What Official LTS Looks Like
The model already exists in every serious software ecosystem — Node.js, Ubuntu, PostgreSQL, Java.
For AI developer tools:
| Feature | Current Reality | LTS Channel |
|---|---|---|
| Update cadence | Continuous (daily releases) | Quarterly security/stability patches only |
| Model changes | Any time, no opt-in | Frozen model for LTS duration, explicit migration path |
| System prompt changes | Invisible, unrecorded | Documented, opt-in for LTS users |
| Breaking behavior changes | Shipped without notice | Require explicit migration (deprecation → removal cycle) |
| Minimum support window | “Not sooner than” deprecation date | Guaranteed 12-month minimum from LTS release |
| Rollback | User responsibility (pin + proxy) | Vendor-provided: claude --channel lts or equivalent |
The Business Case
This isn’t altruism — it’s retention:
- Enterprise trust.
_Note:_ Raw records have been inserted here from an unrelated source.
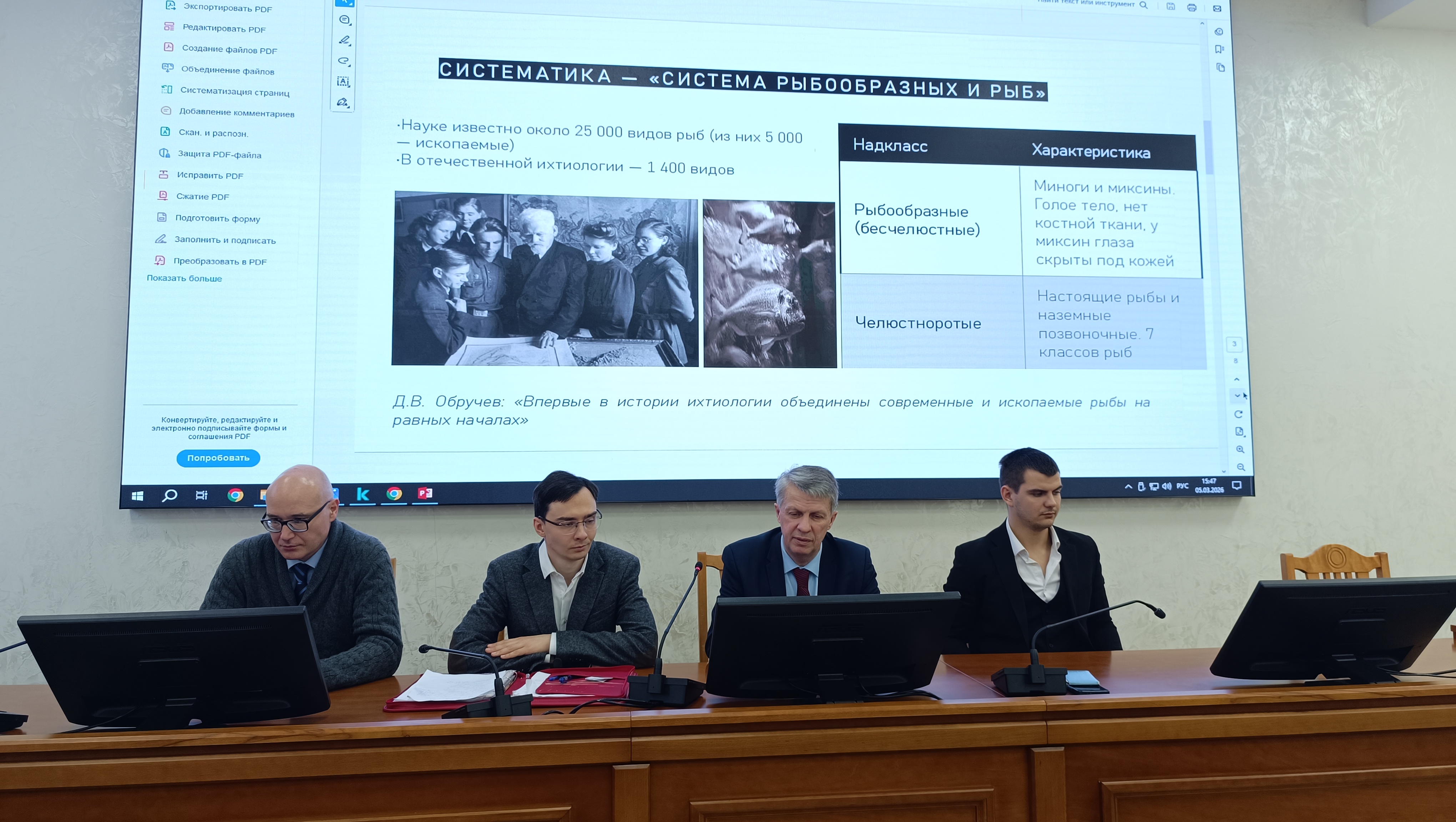 5 марта в Точке кипения «Тимирязевка», в зале «Вавилов» состоялся круглый стол «Лев Берг (1876-1950): ихтиология во славу России». Мероприятие объединило преподавателей и студентов, интересующихся историей отечественной науки, и стало важной частью патриотических инициатив кафедры, направленных на популяризацию наследия российских ученых.
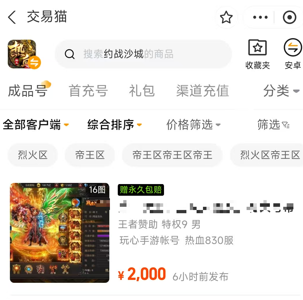 约战沙城是一款类传奇玩法的游戏,游戏内的装备大多依靠打怪掉落,装备成型后刷图效率会变得极高。,所以一部分玩家就想要购买这样高级的成品号,自然约战沙城账号出售平台有哪些成为了关注的重点,而交易猫已经成为最安全的交易平台,其平台内账号数量不仅多,而且交易过程非常安全。
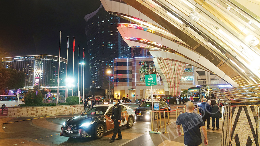Two taxis wait for passengers at the taxi rank outside the Grand Lisboa hotel-casino tower last night. – Photo: Tony Wong
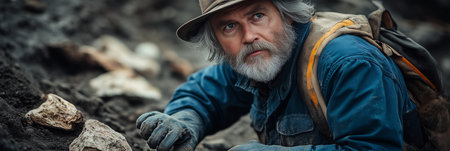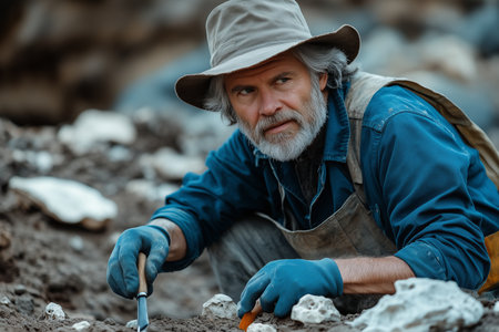 An elderly Caucasian male archaeologist is digging for artifacts at a work site.
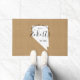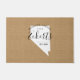 Modern farmhouse personalized doormat with your family name inside your state map. Faux burlap canvas texture background. Click Customize It to add your own text and images and create a unique one of a kind design!
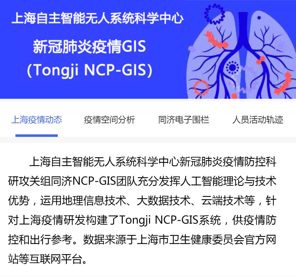 与这套疫情防控智能识别系统一同研发的,还有上海自主智能无人系统科学中心新冠肺炎疫情防控科研攻关NCP-GIS团队研发的新冠肺炎疫情地理信息系统(Tongji NCP-GIS)。团队充分发挥人工智能理论与技术优势,运用地理信息技术、大数据技术、云端技术等,针对疫情研发构建了新冠肺炎疫情地理信息系统,初步实现了上海疫情动态分析可视化、空间影响评估、数据空间分析、人员活动轨迹示踪等功能,为疫情防控预警和校园防疫决策分析提供空间信息辅助和支撑。

No enterprise will depend on a tool that silently changes behavior. Official LTS = enterprise-ready. Without it, every procurement team adds “vendor instability” to their risk matrix.
- Reduced support load. Half of Anthropic’s 100+ Opus 4.7 issues are users confused by unannounced changes. A stable channel eliminates this category entirely.
- Competitive differentiation. The first AI coding tool to offer genuine LTS wins the “production infrastructure” market segment. Right now, all of them are optimized for demo-day, not day-200.
What I’m Asking For
To Anthropic, and to every company shipping AI developer tools:
- An official LTS channel with a guaranteed support window (12+ months)
- No invisible behavior changes on the LTS channel — every change documented, no stealth system prompt modifications
- Model version guarantee — LTS users stay on the model they chose until they explicitly migrate
- Rollback mechanism — not “pin a version and hope,” but vendor-supported channel switching
- Transparent CHANGELOG that covers system prompt changes, not just client code changes
The current situation — where users must reverse-engineer proxy data to understand why their tool degraded —
is not a sustainable relationship between vendors and professional developers.
Evidence
- Full cross-check (36 claims verified): 17_OPUS-47-POSTMORTEM-ANALYSIS.md
- Opus 4.7 technical advisory: 16_OPUS-47-ADVISORY.md
- 42K API call analysis: 01_BUGS.md
- DATASET.md (4 independent datasets): DATASET.md
Independent analysis based on 42,363 proxy-captured API calls, 36-claim cross-check of the postmortem, and 9 open GitHub issues.
Not affiliated with or endorsed by Anthropic.